Trial of Labour after C-Section (TOLAC)
Women who have had one C-section typically have the option of trying for a vaginal birth in their next pregnancy vs. delivering by planned repeat C-section. Women with more than one prior C-section will typically deliver by repeat C-section.
The terms TOLAC (trial of labour after C-section) and VBAC (vaginal birth after C-section) are sometimes used interchangeably, but TOLAC refers to the attempt, and the term VBAC should be used after a successful vaginal delivery has taken place.
In some instances, a TOLAC is not recommended, and the OB will advise.
Women who are suitable candidate for a TOLAC will typically have a good probability of success, in the range of 60-80%. The chances of success depend on several factors, including the circumstances around the first C-section and the estimated size of the baby in the current pregnancy. The OB will review all of these factors and provide an estimate of the success rate for that particular women.

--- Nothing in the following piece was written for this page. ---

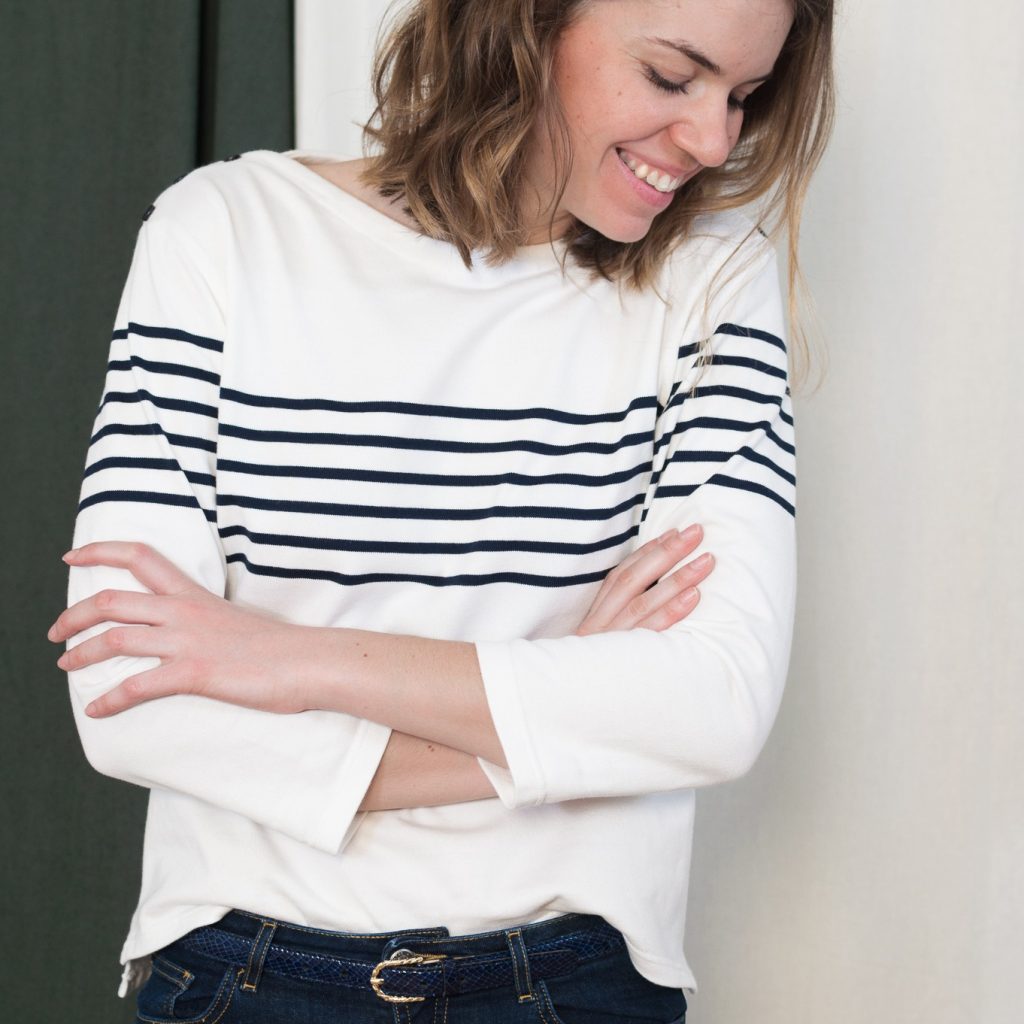 Tout le charme de la Marinière Pont-Neuf se joue sur les épaules : le devant et le dos se rejoignent et sont maintenus par des boutons, le tout joliment fini grâce à une enforme surpiquée.

The main advantage of VBAC is that the recovery is generally much faster than with a C-section. Women with toddlers at home will not be able to carry them for 6 weeks after a C-section, and this can be a motivating factor for attempting a TOLAC.

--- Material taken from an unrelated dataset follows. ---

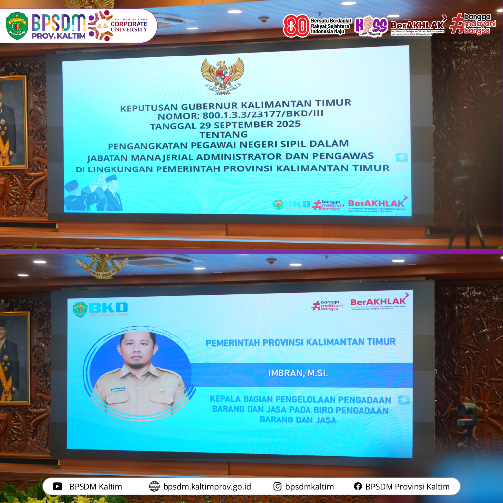 Dalam hal ini salah satu pejabat fungsional, Widyaiswara Ahli Madya BPSDM Kaltim Imbran, M.Si Dilantik menjadi Kepala Bagian Pengelolaan Pengadan Barang dan Jasa Biro PBJ Setda Prov. Kaltim.

The easiest recovery is with a spontaneous vaginal delivery. Second best is a planned C-section. The most difficult recovery is when emergency C-section occurs after many hours of labour. This is why the probability of success should be considered when a woman makes her decision.
Women who plan to have large families should seriously consider a TOLAC, because the surgical risks with C-section increase with each successive operation, due to the formation of scar tissue.
The main risk associated with TOLAC is that of uterine rupture. The scar on the uterus from the first C-section represents a weak area vulnerable to opening up during labour. In most cases, the risk of uterine rupture is about 1:200 or 0.5%. When the uterus ruptures, it is an emergency and a C-section must be done immediately. Even with rapid intervention, uterine rupture can result in a catastrophic outcome (fetal brain damage or death, hysterectomy, multiple blood transfusion) in about 10% of cases. We typically quote a 1:1,000 to 1:2,000 risk of serious complications in women attempting TOLAC.
In order to maximize safety, women doing a TOLAC will labour in hospital under continuous fetal monitoring. The safest scenario with the best outcomes is when labour starts spontaneously and progresses normally, without need for interventions. Epidurals are permitted. When medications are required to induce or increase labour, the risks increase, and an in-depth discussion regarding the pros and cons of such interventions will need to take place between the woman and the OB on-call.
Symptoms and signs of uterine rupture can include heavy vaginal bleeding, abnormalities of the fetal heart rate, and a constant pain in the area of the old incision. There is a fairly low threshold to proceed to repeat C-section when safety concerns arise.